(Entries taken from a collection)

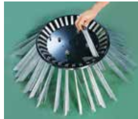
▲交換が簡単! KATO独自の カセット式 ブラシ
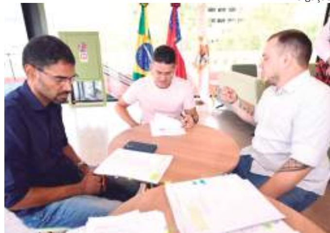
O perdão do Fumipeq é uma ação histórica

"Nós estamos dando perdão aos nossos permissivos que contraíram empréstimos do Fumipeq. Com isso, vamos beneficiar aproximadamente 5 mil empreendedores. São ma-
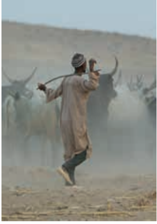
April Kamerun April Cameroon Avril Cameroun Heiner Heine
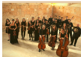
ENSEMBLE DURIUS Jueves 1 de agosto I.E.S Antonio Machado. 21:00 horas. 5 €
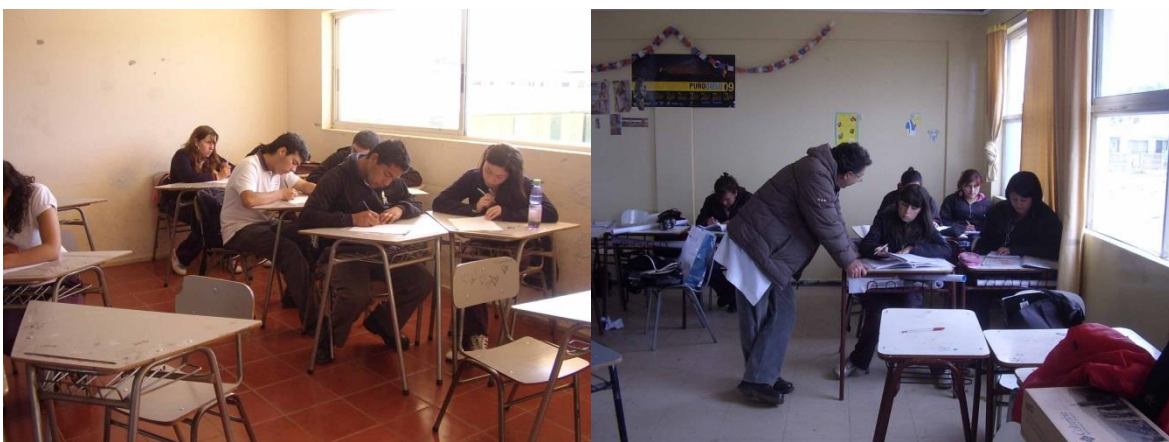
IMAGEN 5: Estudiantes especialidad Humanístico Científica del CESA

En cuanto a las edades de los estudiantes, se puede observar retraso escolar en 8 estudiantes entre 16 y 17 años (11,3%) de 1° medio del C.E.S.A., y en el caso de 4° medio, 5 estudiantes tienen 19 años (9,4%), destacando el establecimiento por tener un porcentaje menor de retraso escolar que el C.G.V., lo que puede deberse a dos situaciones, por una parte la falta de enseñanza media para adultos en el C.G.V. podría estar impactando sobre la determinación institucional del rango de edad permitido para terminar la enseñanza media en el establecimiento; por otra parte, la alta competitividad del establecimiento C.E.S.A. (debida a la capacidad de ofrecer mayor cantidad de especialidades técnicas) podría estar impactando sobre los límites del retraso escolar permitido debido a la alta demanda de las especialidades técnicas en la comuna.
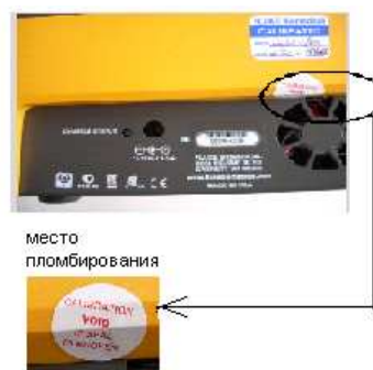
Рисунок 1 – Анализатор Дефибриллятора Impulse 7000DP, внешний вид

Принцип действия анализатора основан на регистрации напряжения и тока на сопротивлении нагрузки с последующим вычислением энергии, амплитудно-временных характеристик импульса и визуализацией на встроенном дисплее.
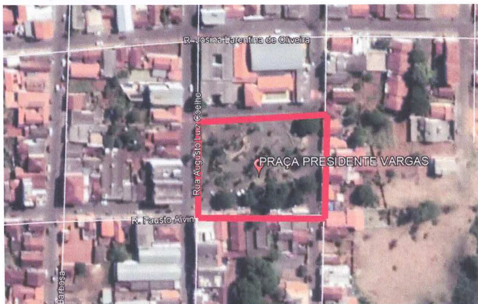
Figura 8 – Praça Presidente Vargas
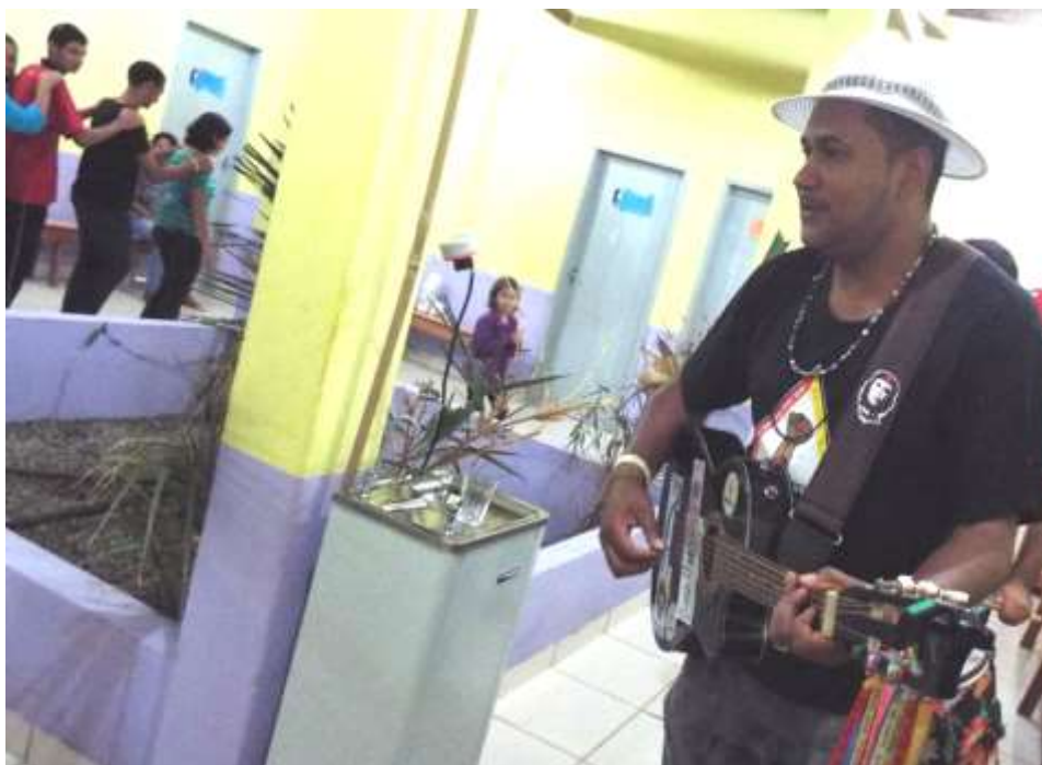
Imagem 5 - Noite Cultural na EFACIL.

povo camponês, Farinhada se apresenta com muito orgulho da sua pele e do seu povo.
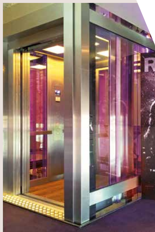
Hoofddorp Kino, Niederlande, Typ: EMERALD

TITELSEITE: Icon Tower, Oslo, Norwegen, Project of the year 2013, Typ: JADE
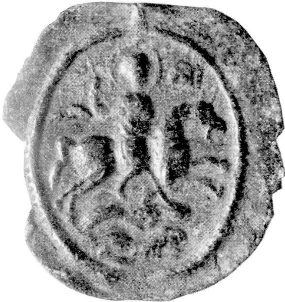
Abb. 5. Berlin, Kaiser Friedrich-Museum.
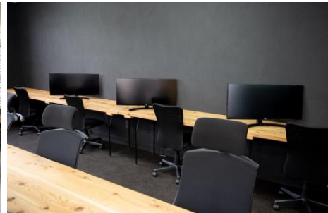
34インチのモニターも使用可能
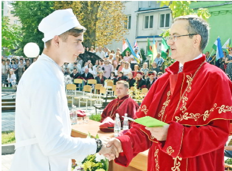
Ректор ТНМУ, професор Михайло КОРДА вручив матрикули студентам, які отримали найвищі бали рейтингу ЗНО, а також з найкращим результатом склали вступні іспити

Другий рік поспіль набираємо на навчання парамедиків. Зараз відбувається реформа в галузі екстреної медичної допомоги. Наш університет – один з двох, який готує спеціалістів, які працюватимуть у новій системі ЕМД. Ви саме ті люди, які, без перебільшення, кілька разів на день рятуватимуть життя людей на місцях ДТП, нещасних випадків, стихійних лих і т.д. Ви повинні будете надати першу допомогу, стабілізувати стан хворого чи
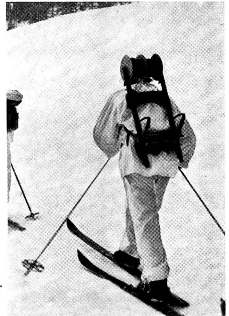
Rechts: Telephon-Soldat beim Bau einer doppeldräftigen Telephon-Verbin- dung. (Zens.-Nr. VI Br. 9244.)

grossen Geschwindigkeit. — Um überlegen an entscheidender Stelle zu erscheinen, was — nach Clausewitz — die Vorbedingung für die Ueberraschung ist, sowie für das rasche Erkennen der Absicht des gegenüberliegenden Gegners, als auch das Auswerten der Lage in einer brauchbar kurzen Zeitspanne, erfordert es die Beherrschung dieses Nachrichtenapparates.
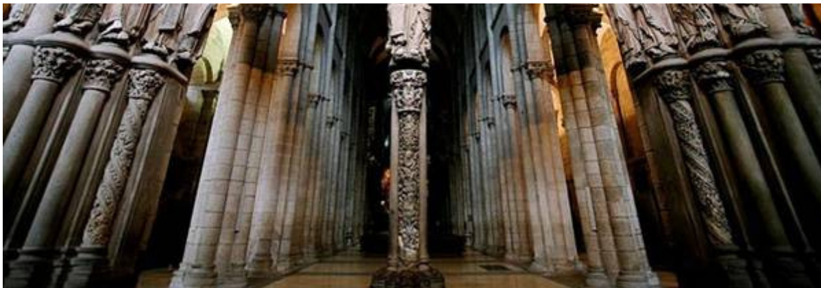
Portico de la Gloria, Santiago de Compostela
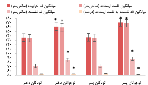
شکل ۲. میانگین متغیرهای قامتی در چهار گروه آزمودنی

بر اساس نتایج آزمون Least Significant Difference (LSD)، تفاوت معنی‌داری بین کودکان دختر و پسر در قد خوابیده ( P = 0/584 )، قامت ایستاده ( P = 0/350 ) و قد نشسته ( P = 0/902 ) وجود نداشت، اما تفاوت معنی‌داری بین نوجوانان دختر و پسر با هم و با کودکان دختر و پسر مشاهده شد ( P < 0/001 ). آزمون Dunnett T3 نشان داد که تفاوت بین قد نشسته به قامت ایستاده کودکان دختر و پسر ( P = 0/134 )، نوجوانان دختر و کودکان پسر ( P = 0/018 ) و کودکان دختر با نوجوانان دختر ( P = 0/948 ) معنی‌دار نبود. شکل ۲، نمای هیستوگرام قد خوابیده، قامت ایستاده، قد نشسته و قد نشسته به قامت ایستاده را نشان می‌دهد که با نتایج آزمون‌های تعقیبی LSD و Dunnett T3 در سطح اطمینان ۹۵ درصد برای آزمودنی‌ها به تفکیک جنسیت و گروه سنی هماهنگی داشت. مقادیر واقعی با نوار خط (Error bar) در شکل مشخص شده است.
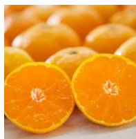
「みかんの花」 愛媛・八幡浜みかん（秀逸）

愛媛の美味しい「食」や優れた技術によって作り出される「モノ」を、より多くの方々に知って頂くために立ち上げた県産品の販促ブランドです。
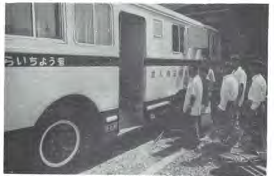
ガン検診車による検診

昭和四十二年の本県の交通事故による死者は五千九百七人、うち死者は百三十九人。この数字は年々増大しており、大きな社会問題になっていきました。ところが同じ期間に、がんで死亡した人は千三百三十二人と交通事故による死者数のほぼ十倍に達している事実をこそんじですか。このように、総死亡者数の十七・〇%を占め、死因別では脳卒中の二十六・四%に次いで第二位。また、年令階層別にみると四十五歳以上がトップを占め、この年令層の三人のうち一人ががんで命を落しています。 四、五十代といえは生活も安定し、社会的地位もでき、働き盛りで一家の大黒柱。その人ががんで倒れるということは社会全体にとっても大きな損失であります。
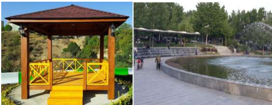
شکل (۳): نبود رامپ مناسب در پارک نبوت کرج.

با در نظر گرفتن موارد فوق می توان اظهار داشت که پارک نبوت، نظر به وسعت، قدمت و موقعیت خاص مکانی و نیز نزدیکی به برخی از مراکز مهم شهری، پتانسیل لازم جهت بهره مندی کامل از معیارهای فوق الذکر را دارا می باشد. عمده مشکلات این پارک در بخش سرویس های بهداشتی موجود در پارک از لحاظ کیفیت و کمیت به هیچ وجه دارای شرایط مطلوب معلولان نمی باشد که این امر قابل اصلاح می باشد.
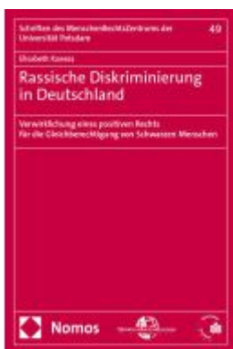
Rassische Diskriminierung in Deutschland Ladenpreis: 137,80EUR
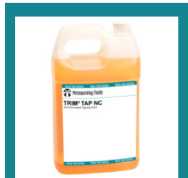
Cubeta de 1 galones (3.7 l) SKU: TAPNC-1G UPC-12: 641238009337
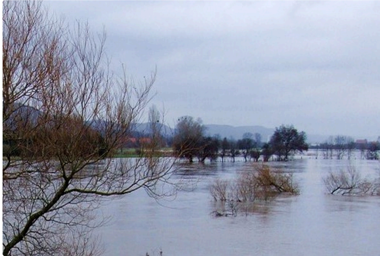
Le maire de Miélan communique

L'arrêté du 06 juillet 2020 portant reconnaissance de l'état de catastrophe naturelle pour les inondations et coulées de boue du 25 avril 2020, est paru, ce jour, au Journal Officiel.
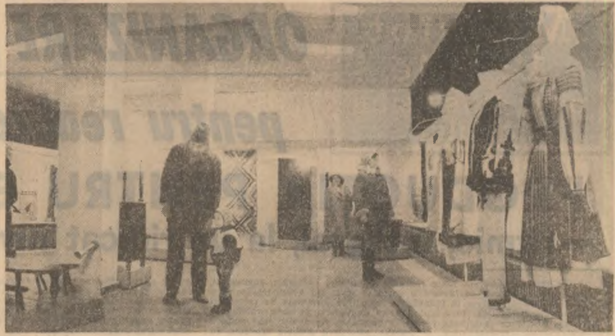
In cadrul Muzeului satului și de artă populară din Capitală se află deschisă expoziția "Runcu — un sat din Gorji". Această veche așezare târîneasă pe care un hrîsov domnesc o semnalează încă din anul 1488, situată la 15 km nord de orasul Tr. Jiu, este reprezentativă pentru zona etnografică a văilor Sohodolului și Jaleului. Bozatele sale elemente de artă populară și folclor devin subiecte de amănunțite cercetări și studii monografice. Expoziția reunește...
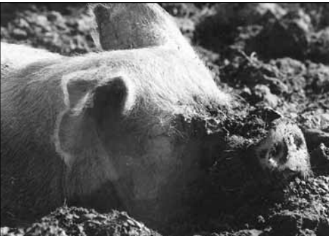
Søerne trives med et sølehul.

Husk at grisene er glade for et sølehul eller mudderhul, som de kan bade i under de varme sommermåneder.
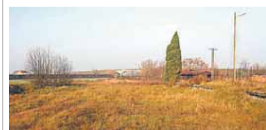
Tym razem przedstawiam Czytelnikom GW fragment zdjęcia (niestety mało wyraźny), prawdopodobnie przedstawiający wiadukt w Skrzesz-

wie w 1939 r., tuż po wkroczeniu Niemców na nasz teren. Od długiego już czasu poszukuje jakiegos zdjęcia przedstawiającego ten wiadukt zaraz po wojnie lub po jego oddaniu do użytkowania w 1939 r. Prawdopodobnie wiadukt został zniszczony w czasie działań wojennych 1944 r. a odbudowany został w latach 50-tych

**Required action**
Go to the line above holding "Hoofddorp Kino, Niederlande, Typ: EMERALD", then copy exactly each line down to and including the one holding "Ректор ТНМУ, професор", leaving pictures out.

**Answer space**
Hoofddorp Kino, Niederlande, Typ: EMERALD

TITELSEITE: Icon Tower, Oslo, Norwegen, Project of the year 2013, Typ: JADE
Abb. 5. Berlin, Kaiser Friedrich-Museum.
34インチのモニターも使用可能
Ректор ТНМУ, професор Михайло КОРДА вручив матрикули студентам, які отримали найвищі бали рейтингу ЗНО, а також з найкращим результатом склали вступні іспити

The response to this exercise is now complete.